GitHub - Linwei-Chen/LIS: IJCV2023 Instance Segmentation in the Dark

引用：

@article{2023lis, title={Instance Segmentation in the Dark}, author={Chen, Linwei and Fu, Ying and Wei, Kaixuan and Zheng, Dezhi and Heide, Felix}, journal={International Journal of Computer Vision}, volume={131}, number={8}, pages={2198--2218}, year={2023}, publisher={Springer} }TL; DR 太长不看版

这篇论文开辟了一个新的研究方向，即在低光条件下进行实例分割。
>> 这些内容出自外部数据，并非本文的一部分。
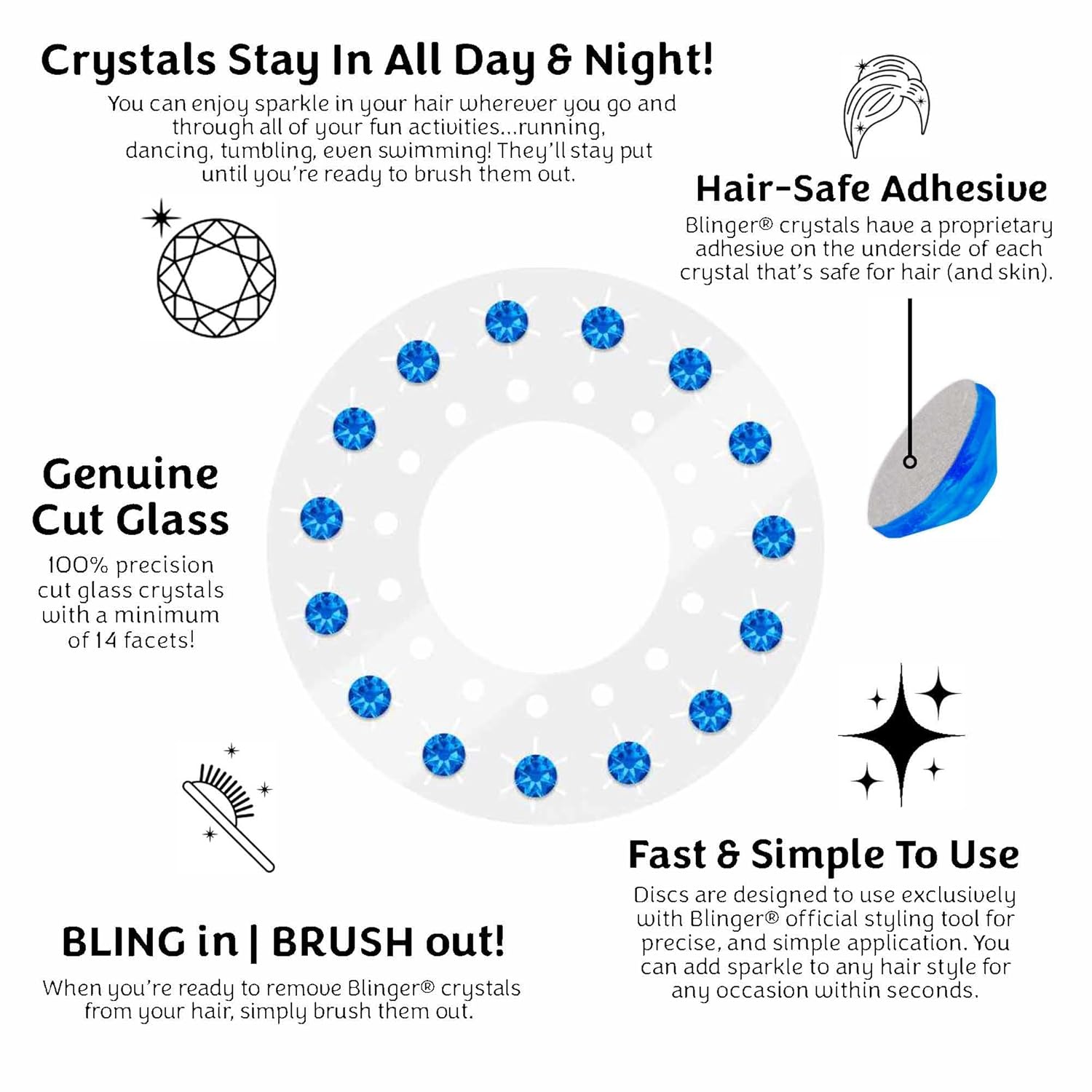 PRECISION-CUT GLASS CRYSTALS: Add next-level glam to your look with 75 dazzling, precision-cut glass crystals! Perfect for replenishing your blinger collection and keeping the sparkle alive every day.
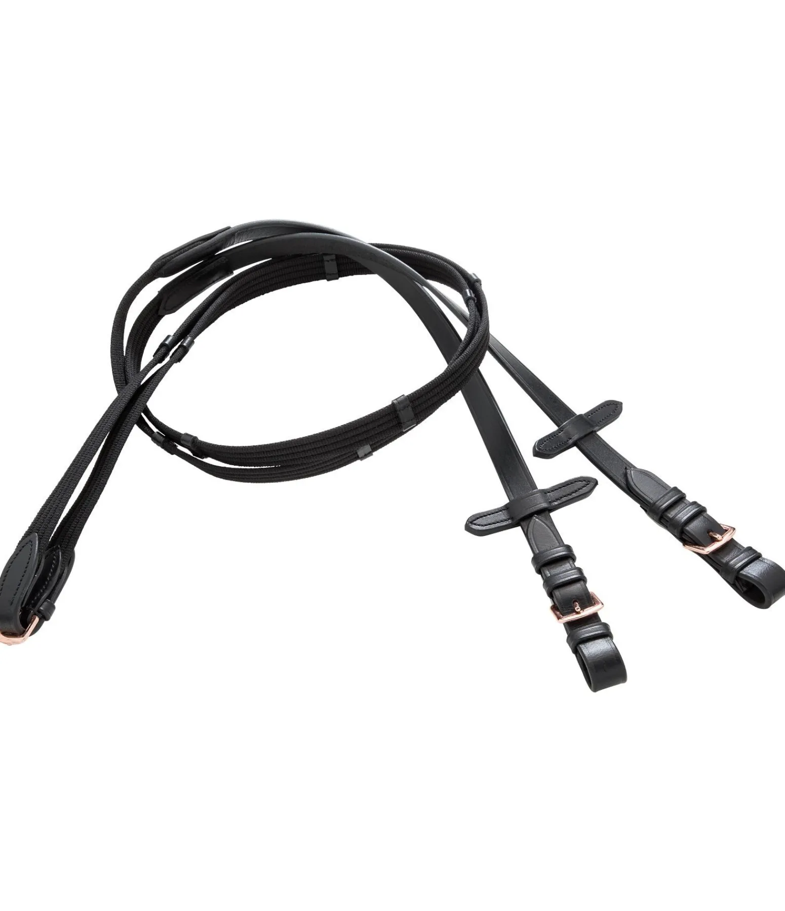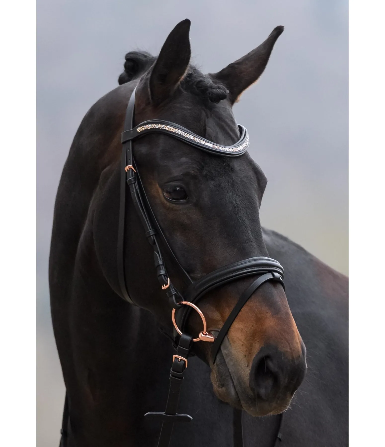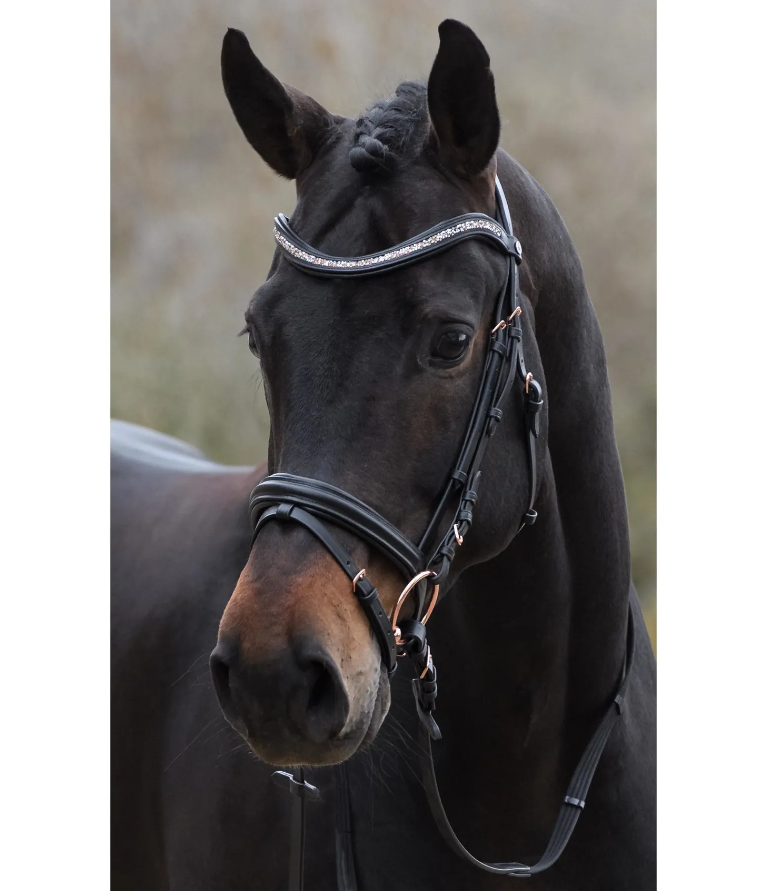 Bridon exceptionnel avec muserolle française combinée et frontal vague scintillant avec pierres scintillantes argentées et rose-doré. Frontal et muserolle avec doublure douce en cuir. Bouclerie rose doré. Avec rênes sangle, sans mors.
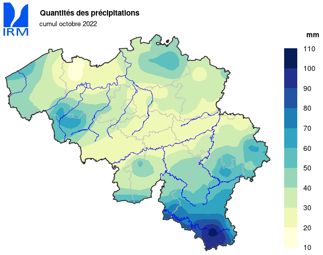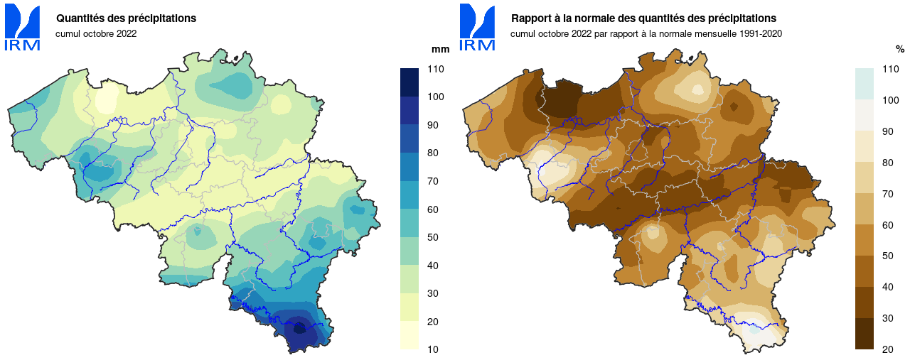 Après un premier mois d'automne humide, le mois dernier a de nouveau enregistré des précipitations inférieures à la normale. A Uccle, un total de 40,7 mm de précipitation est tombé (normale : 67,8 mm). Ce total est tombé sur 13 jours (normale : 16,1 jours). Il s'agit du troisième mois d'octobre le plus sec de la période de référence actuelle. Le record reste de 6,0 mm en 1995.
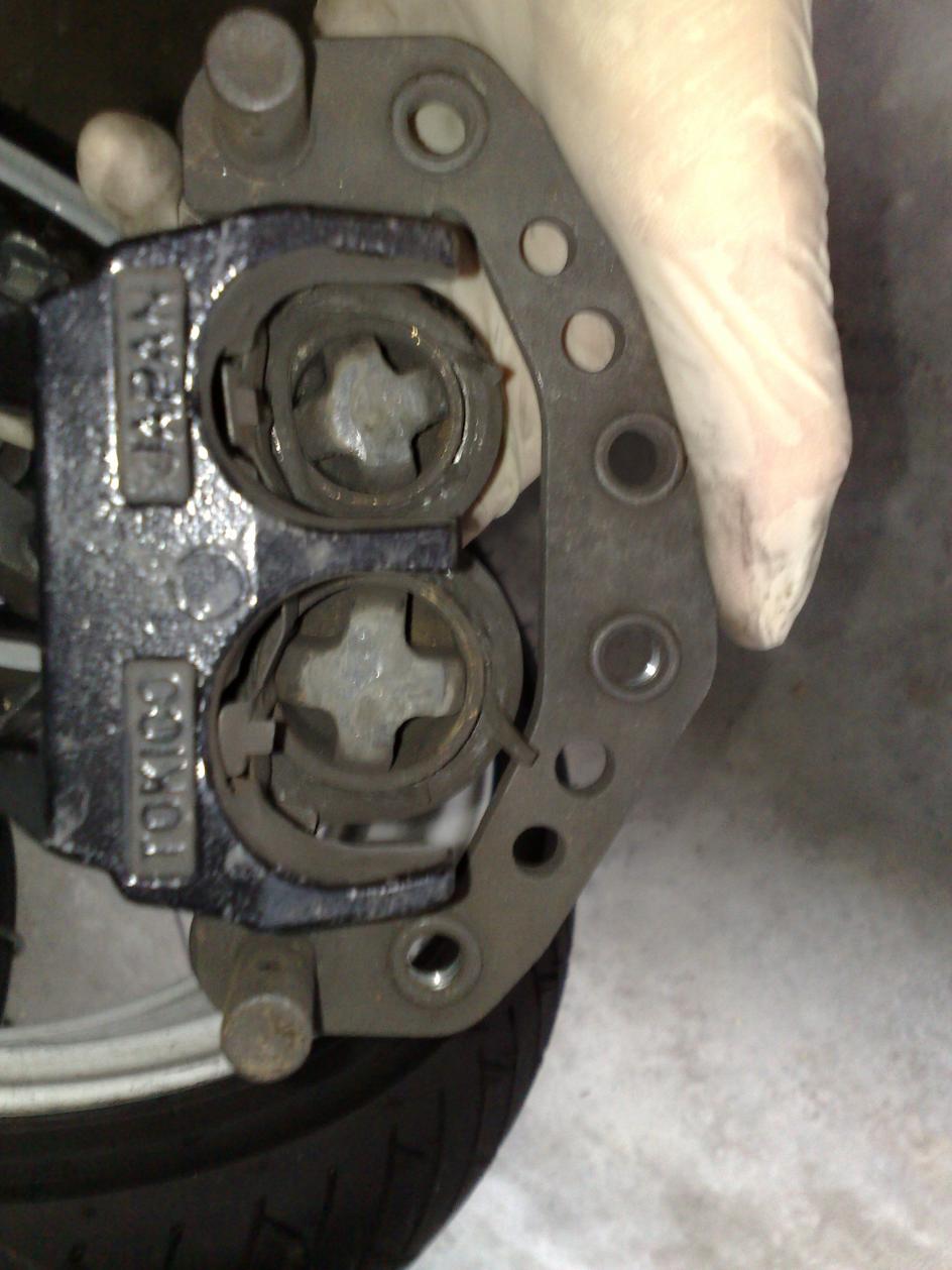 Die Plastikblöcke in den Bremskolben sind verkehrt herum drin. Die "plane" Seite zeigt korrekterweise zur Bremsbacke/scheibe!!!
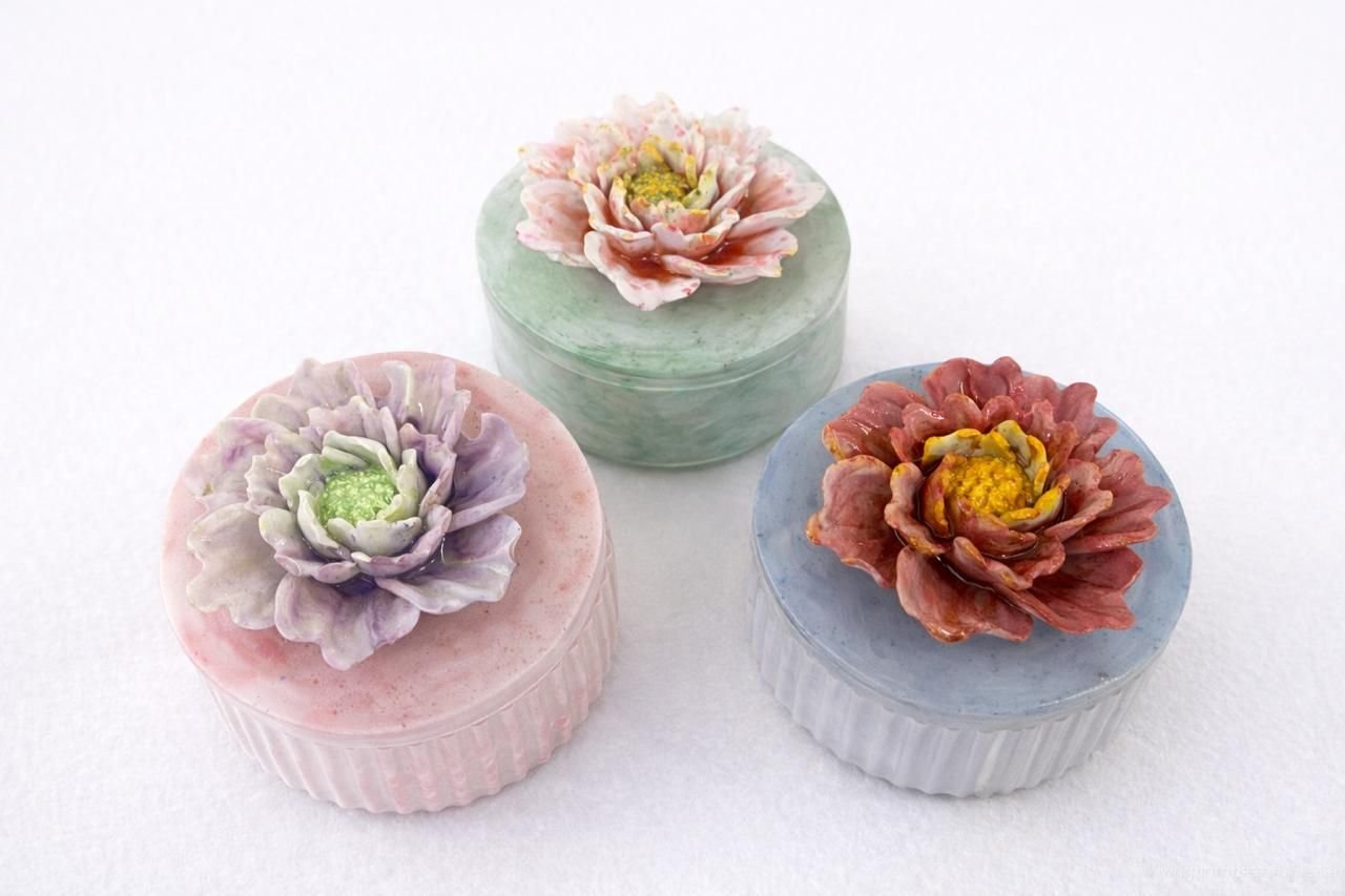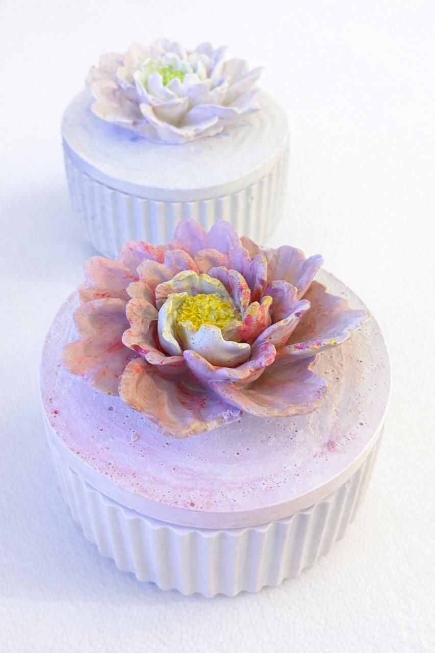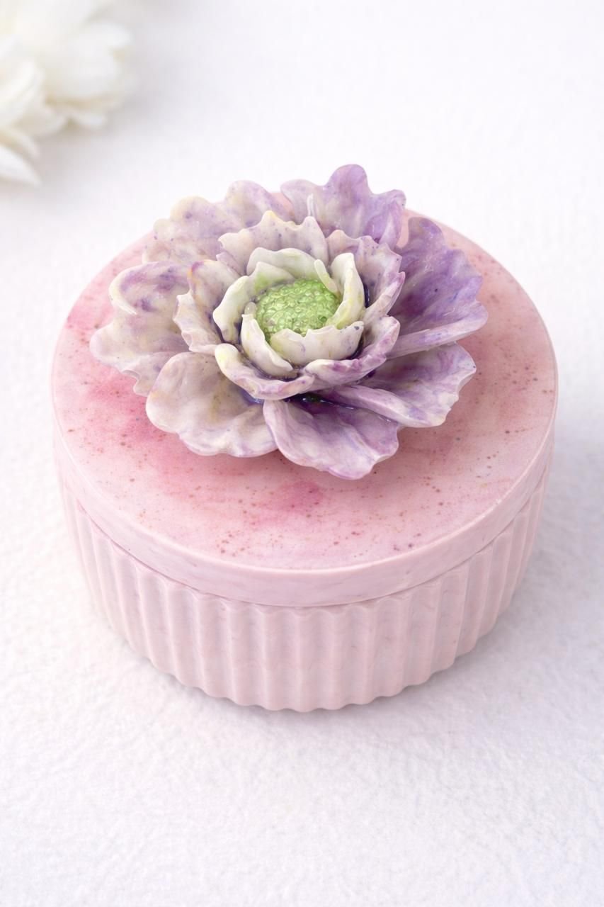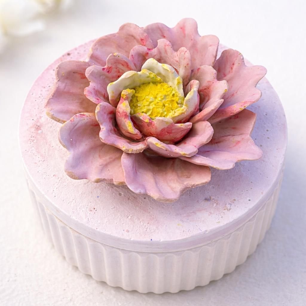 Flower Resin Containers • Can be used as: • Jewellery holders • Trinket or keepsake boxes • Mini storage for cotton pads, hair accessories, crystals, or rings • Works beautifully as vanity décor, bedside storage, or gifting pieces ⸻ 🌿 Benefits • Functional Art – Designed to be used daily while looking like a décor piece • Durable & Long-Lasting – Strong, chip-resistant resin with a smooth sealed finish • Easy Maintenance – Wipe clean with a soft cloth; water-resistant surface • Handcrafted Luxury – Each floral detail is individually shaped, not mass-produced • Unique Colour Stories – Soft pastels, marbled tones, and layered finishes ensure exclusivity

它是第一篇系统性地建立了低光条件下实例分割的训练和测试验证框架的论文（划重点，可以卷的新方向！）。

本论文收集制作了一个Low-light Instance Segmentation (LIS) 数据集，它包括低光、正常曝光，下配对的JPEG和RAW的四组数据，并且提供8类实例像素标注，可以用于实例分割、目标检测任务。（新数据集！）

本论文观察到，RAW图像具有比JPEG图像更好的潜力来实现更高实例分割精度，并且作者进一步分析，这和RAW能提供更多比特位深的信息有关（RAW is all you need！）。

本论文观察到，暗光条件下，图像噪声会对深度神经网络中的特征造成高频扰动，这是导致现有实例分割方法在暗光条件下表现不好的一个重要原因（Noise is the key！）。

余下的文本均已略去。